Identify two child nodes of the node and the corresponding parent node of the child nodes.

Parameters:
  • nid – ID of node being modified

  • left_child – ID of the left child node

  • right_child – ID of the right child node

inline void SetParent(std::int32_t child_node, std::int32_t parent_node)

Identify parent node.

Parameters:
  • child_node – ID of child node

  • parent_node – ID of the parent node

inline void SetParents(std::int32_t nid, std::int32_t left_child, std::int32_t right_child)
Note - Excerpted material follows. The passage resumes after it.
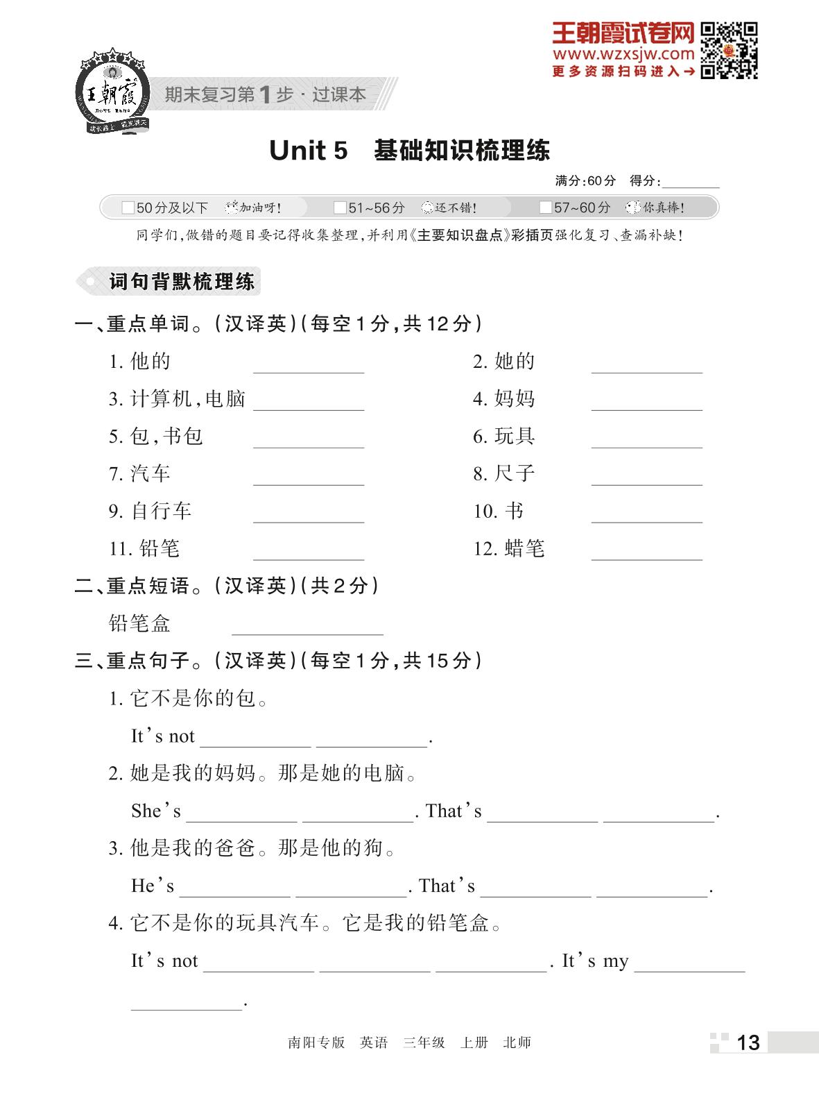 王朝霞期末过课本——Unit 5 基础知识梳理练三年级上册英语(北师版)

Identify parent node of the left and right node ids.

Parameters:
  • nid – ID of parent node

  • left_child – ID of the left child node

  • right_child – ID of the right child node

void SetNumericSplit(std::int32_t nid, std::int32_t split_index, double threshold)

Create a numerical split.

Parameters:
  • nid – ID of node being updated

  • split_index – Feature index to split

  • threshold – Threshold value

void SetCategoricalSplit(std::int32_t nid, std::int32_t split_index, std::vector<std::uint32_t> const &category_list)

Create a categorical split.

Parameters:
  • nid – ID of node being updated

  • split_index – Feature index to split

  • category_list – List of categories to belong to either the right child node or the left child node. Set categories_list_right_child parameter to indicate which node the category list should represent.

void SetLeaf(std::int32_t nid, double value)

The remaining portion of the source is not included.